Your answer must be an exact copy of the data below, minus any pictures.

━━━━━━━━━━━━━━━━━━━━

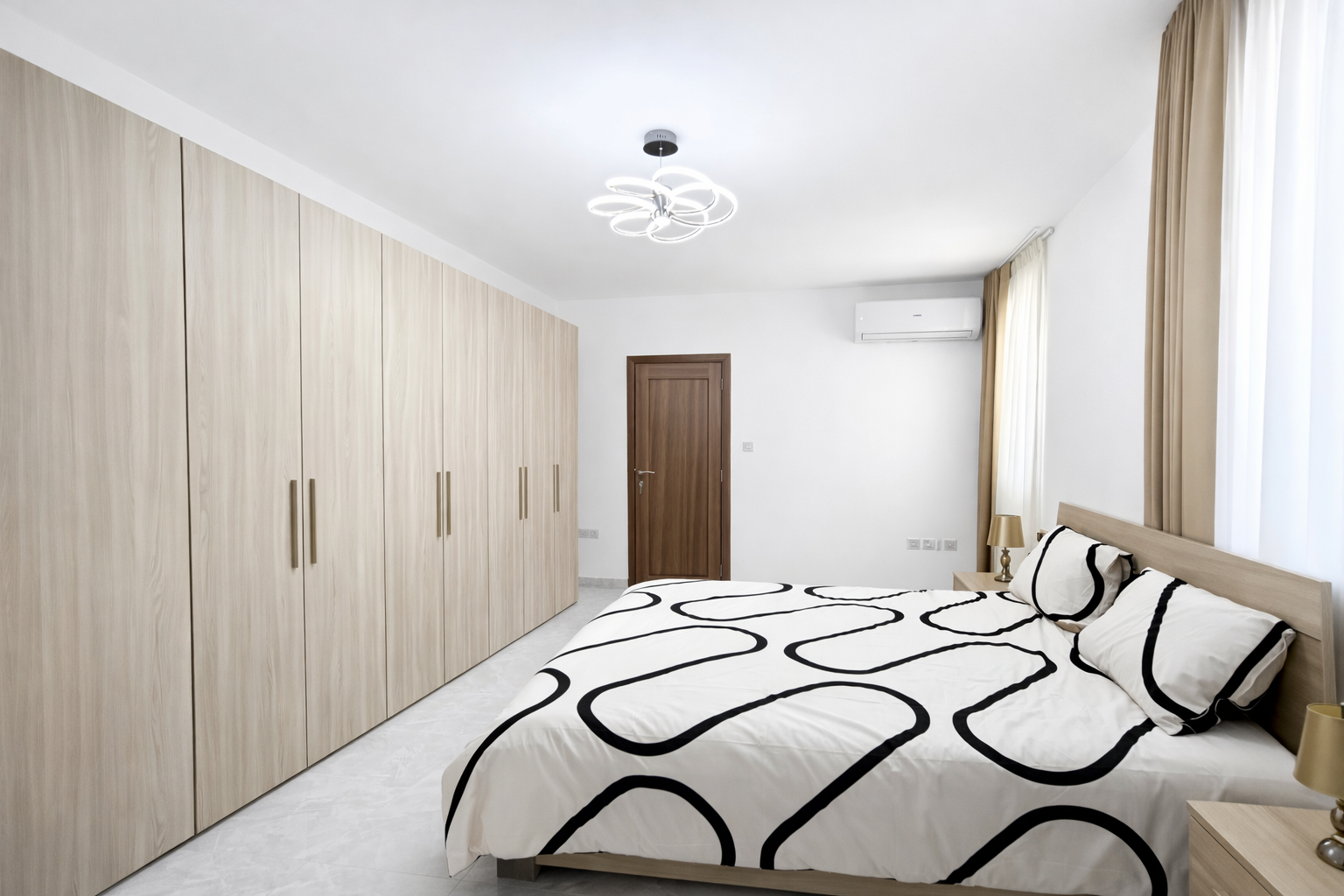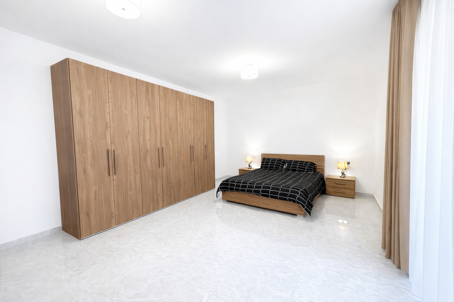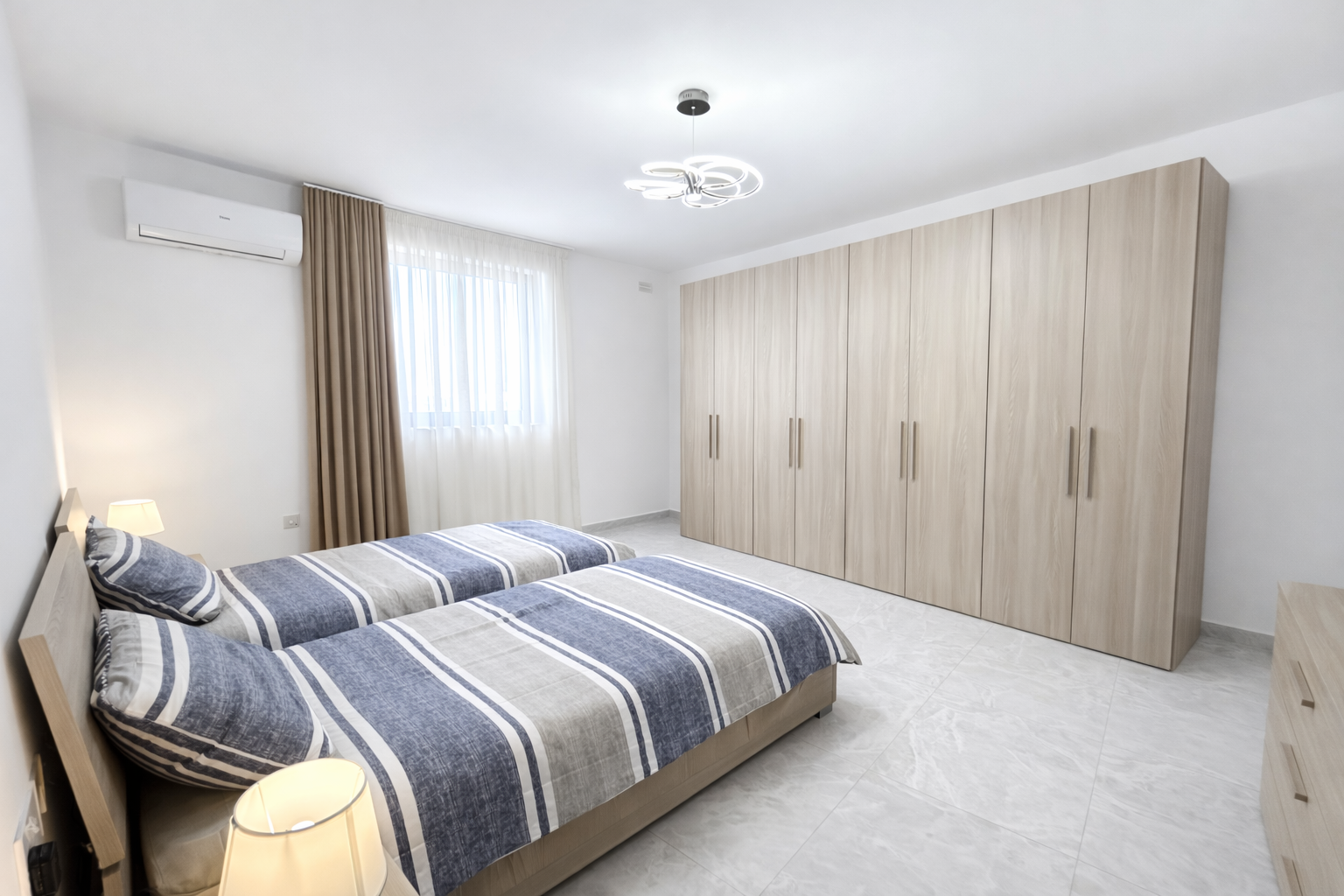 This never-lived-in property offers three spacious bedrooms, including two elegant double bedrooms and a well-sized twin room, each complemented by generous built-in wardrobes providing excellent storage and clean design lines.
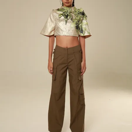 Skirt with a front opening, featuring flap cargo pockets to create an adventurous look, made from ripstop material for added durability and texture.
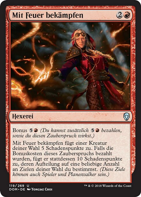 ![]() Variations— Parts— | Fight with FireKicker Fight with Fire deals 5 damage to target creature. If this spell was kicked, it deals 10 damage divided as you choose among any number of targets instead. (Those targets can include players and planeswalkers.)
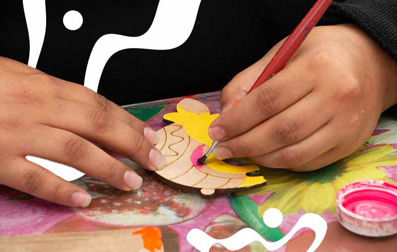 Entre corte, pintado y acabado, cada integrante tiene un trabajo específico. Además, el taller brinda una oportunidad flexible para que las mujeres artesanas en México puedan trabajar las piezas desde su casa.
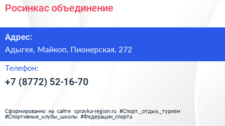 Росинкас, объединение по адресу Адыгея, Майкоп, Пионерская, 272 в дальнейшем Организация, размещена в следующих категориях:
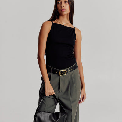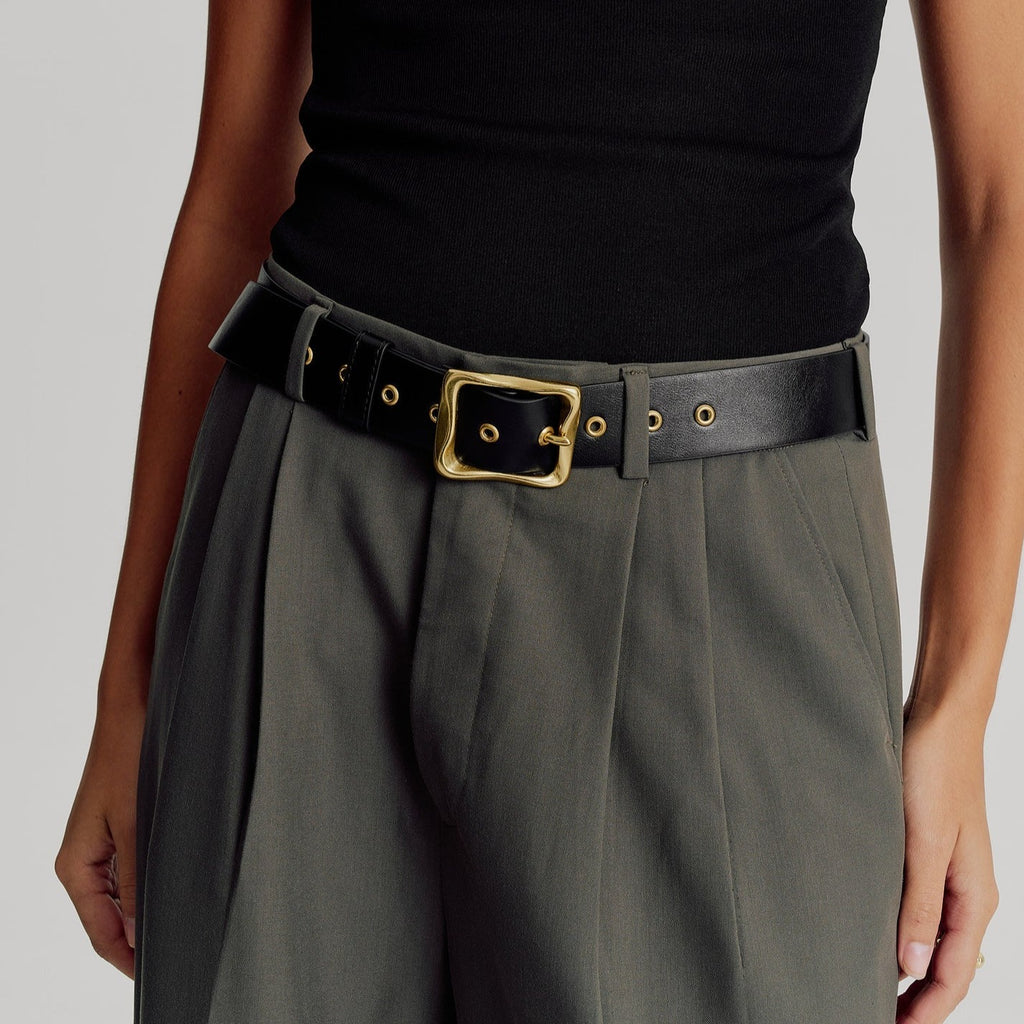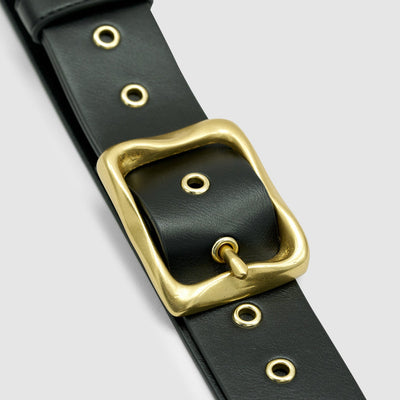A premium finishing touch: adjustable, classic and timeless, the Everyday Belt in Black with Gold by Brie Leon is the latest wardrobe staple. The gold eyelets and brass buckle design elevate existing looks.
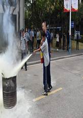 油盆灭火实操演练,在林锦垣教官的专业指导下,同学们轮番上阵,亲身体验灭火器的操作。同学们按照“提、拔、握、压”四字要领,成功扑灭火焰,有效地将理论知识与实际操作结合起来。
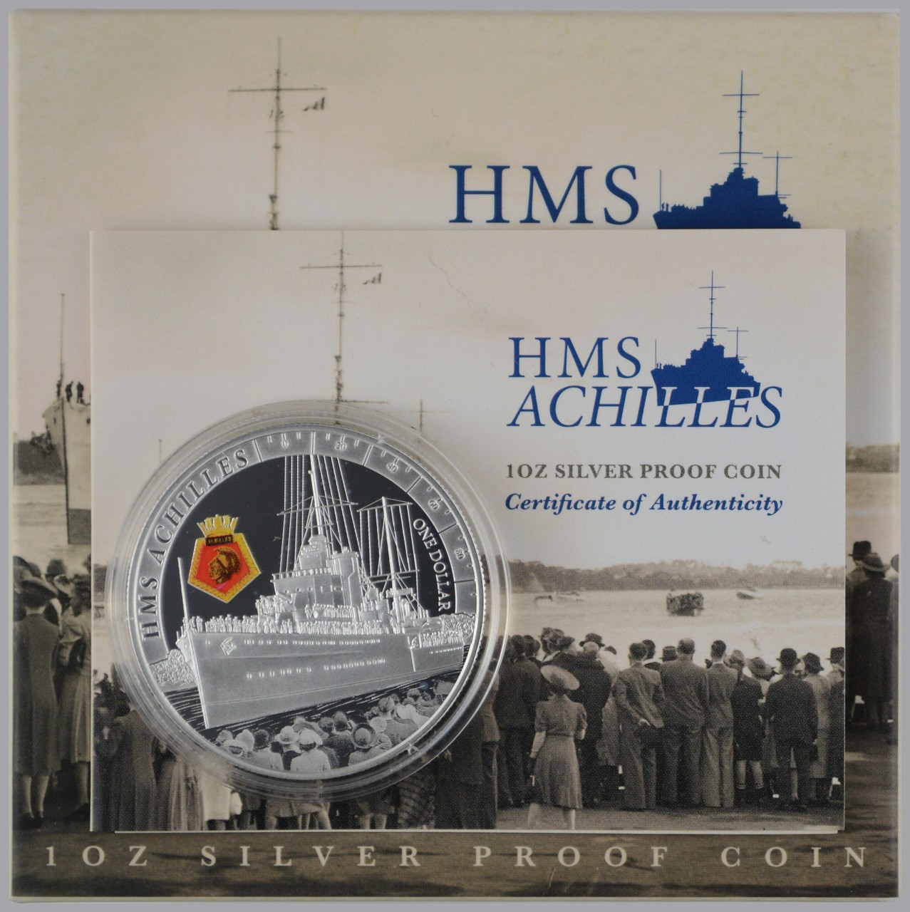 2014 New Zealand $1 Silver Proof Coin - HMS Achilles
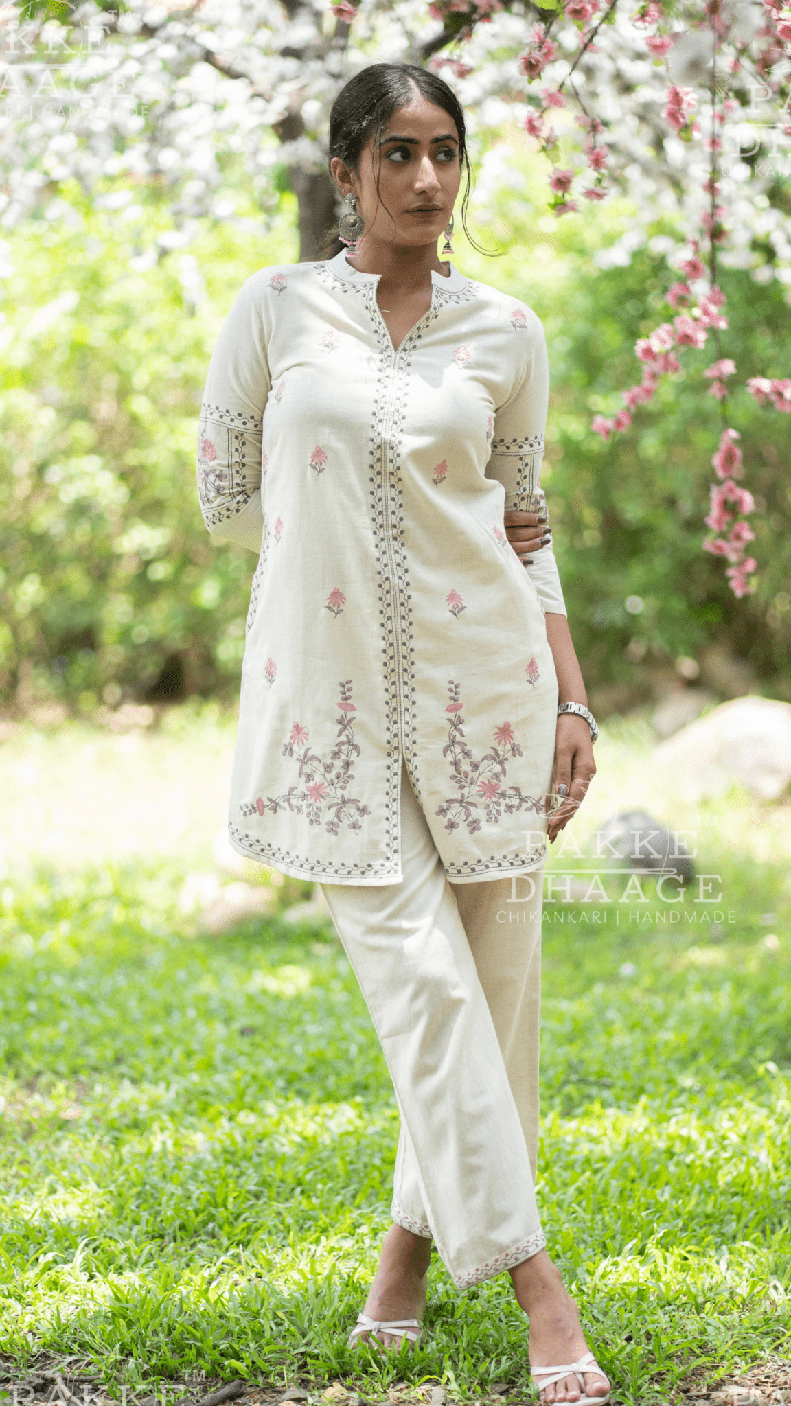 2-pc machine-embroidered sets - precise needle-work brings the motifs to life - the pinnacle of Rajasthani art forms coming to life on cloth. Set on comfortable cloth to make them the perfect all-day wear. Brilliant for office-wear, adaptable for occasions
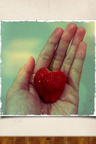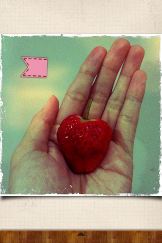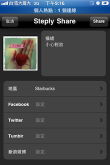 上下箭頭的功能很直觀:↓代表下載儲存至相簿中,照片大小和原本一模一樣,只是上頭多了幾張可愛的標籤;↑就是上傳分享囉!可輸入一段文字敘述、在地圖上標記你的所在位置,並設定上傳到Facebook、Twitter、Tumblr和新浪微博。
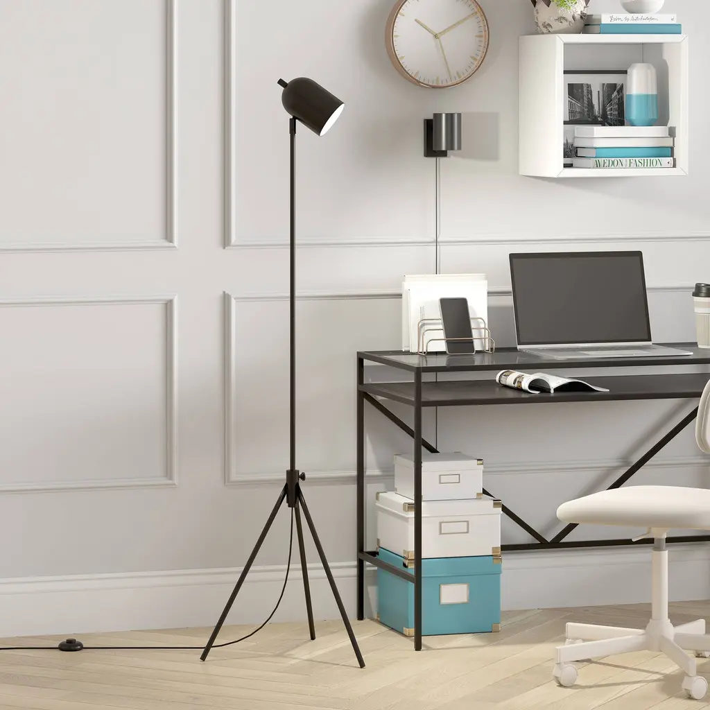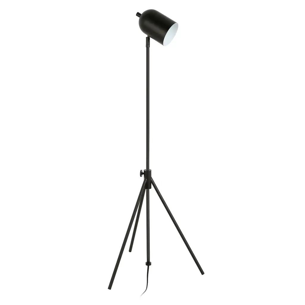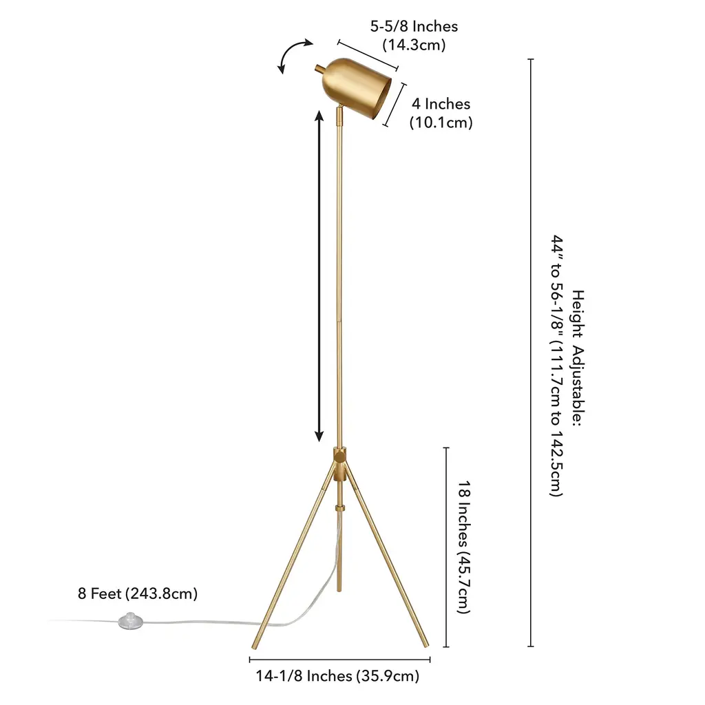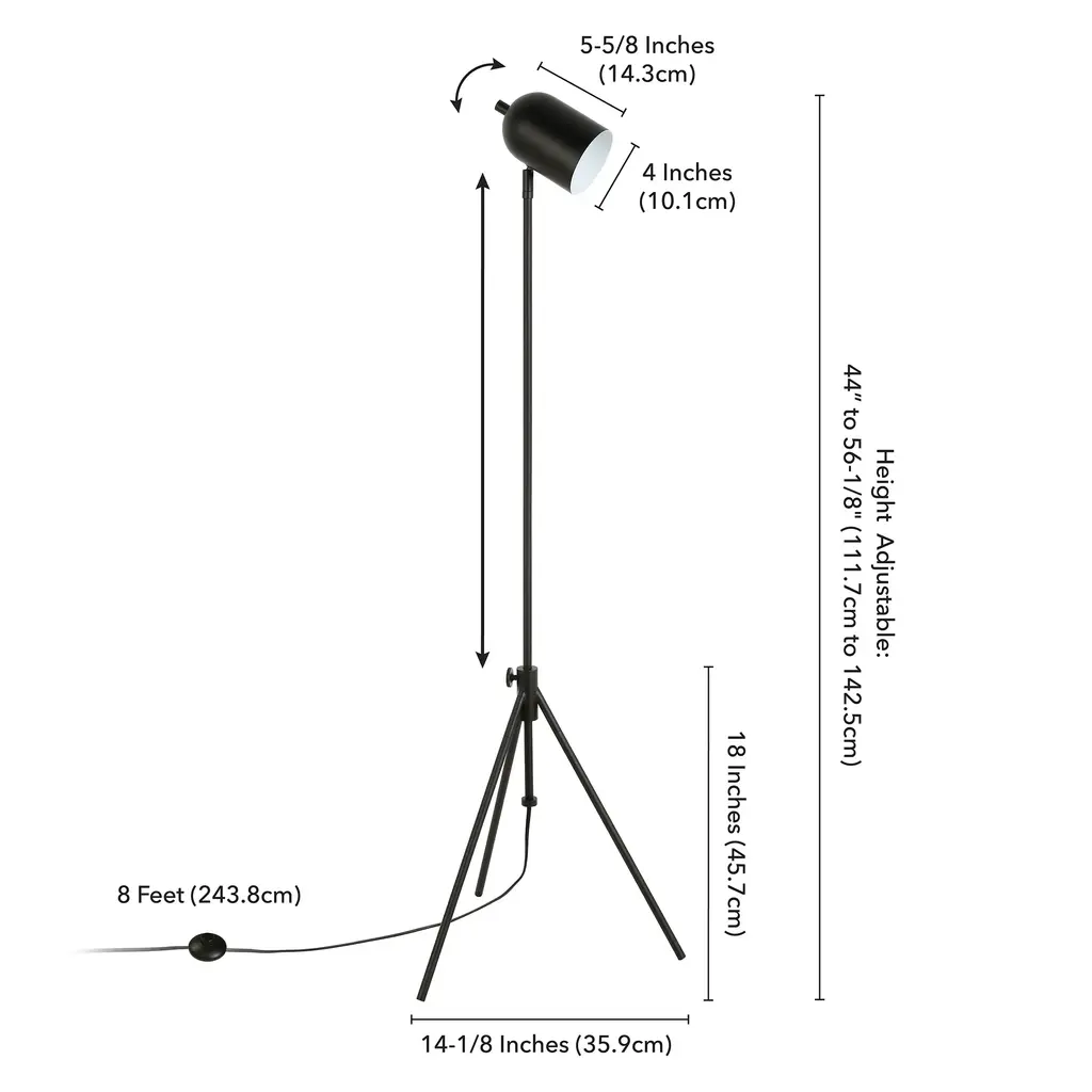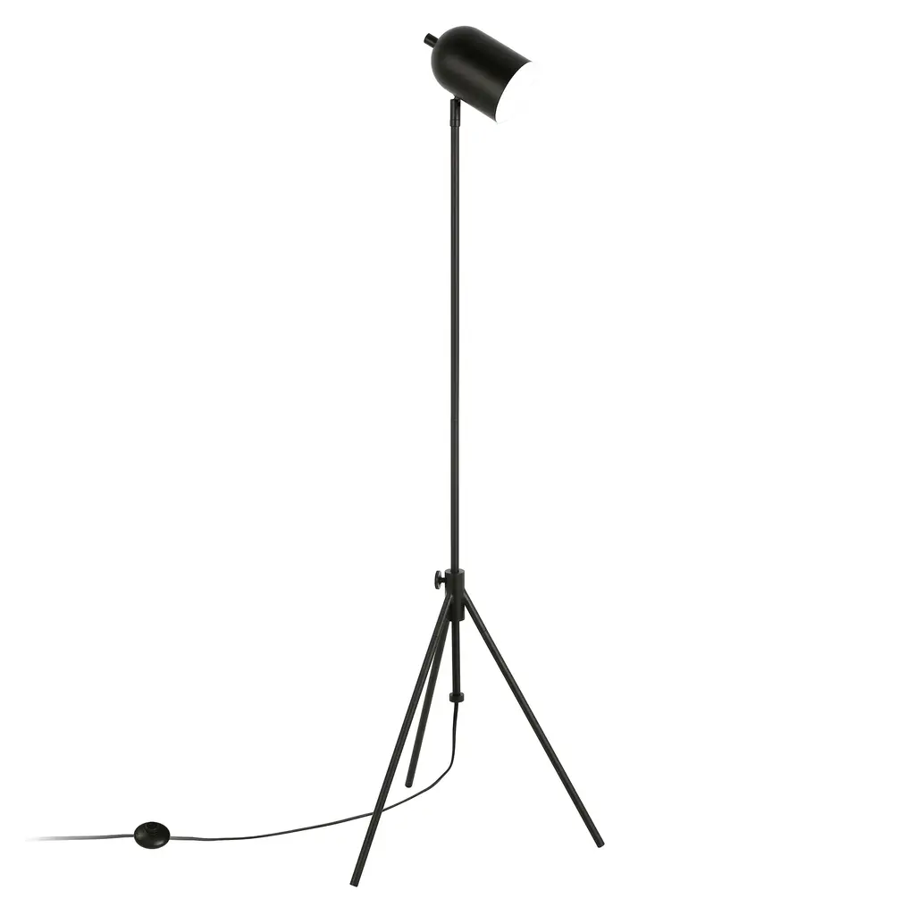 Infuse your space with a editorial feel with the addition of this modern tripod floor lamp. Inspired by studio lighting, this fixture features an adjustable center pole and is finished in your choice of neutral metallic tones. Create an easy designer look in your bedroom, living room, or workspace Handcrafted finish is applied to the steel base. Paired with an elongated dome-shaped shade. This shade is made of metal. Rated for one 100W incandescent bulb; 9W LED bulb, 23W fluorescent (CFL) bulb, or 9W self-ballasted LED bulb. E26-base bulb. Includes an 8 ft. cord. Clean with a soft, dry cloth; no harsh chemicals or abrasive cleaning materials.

━━━━━━━━━━━━━━━━━━━━

OUTPUT FOR THIS TASK
 This never-lived-in property offers three spacious bedrooms, including two elegant double bedrooms and a well-sized twin room, each complemented by generous built-in wardrobes providing excellent storage and clean design lines.
 Skirt with a front opening, featuring flap cargo pockets to create an adventurous look, made from ripstop material for added durability and texture.
 ![]() Variations— Parts— | Fight with FireKicker Fight with Fire deals 5 damage to target creature. If this spell was kicked, it deals 10 damage divided as you choose among any number of targets instead. (Those targets can include players and planeswalkers.)
 Entre corte, pintado y acabado, cada integrante tiene un trabajo específico. Además, el taller brinda una oportunidad flexible para que las mujeres artesanas en México puedan trabajar las piezas desde su casa.
 Росинкас, объединение по адресу Адыгея, Майкоп, Пионерская, 272 в дальнейшем Организация, размещена в следующих категориях:
A premium finishing touch: adjustable, classic and timeless, the Everyday Belt in Black with Gold by Brie Leon is the latest wardrobe staple. The gold eyelets and brass buckle design elevate existing looks.
 油盆灭火实操演练,在林锦垣教官的专业指导下,同学们轮番上阵,亲身体验灭火器的操作。同学们按照“提、拔、握、压”四字要领,成功扑灭火焰,有效地将理论知识与实际操作结合起来。
 2014 New Zealand $1 Silver Proof Coin - HMS Achilles
 2-pc machine-embroidered sets - precise needle-work brings the motifs to life - the pinnacle of Rajasthani art forms coming to life on cloth. Set on comfortable cloth to make them the perfect all-day wear. Brilliant for office-wear, adaptable for occasions
 上下箭頭的功能很直觀:↓代表下載儲存至相簿中,照片大小和原本一模一樣,只是上頭多了幾張可愛的標籤;↑就是上傳分享囉!可輸入一段文字敘述、在地圖上標記你的所在位置,並設定上傳到Facebook、Twitter、Tumblr和新浪微博。
 Infuse your space with a editorial feel with the addition of this modern tripod floor lamp. Inspired by studio lighting, this fixture features an adjustable center pole and is finished in your choice of neutral metallic tones. Create an easy designer look in your bedroom, living room, or workspace Handcrafted finish is applied to the steel base. Paired with an elongated dome-shaped shade. This shade is made of metal. Rated for one 100W incandescent bulb; 9W LED bulb, 23W fluorescent (CFL) bulb, or 9W self-ballasted LED bulb. E26-base bulb. Includes an 8 ft. cord. Clean with a soft, dry cloth; no harsh chemicals or abrasive cleaning materials.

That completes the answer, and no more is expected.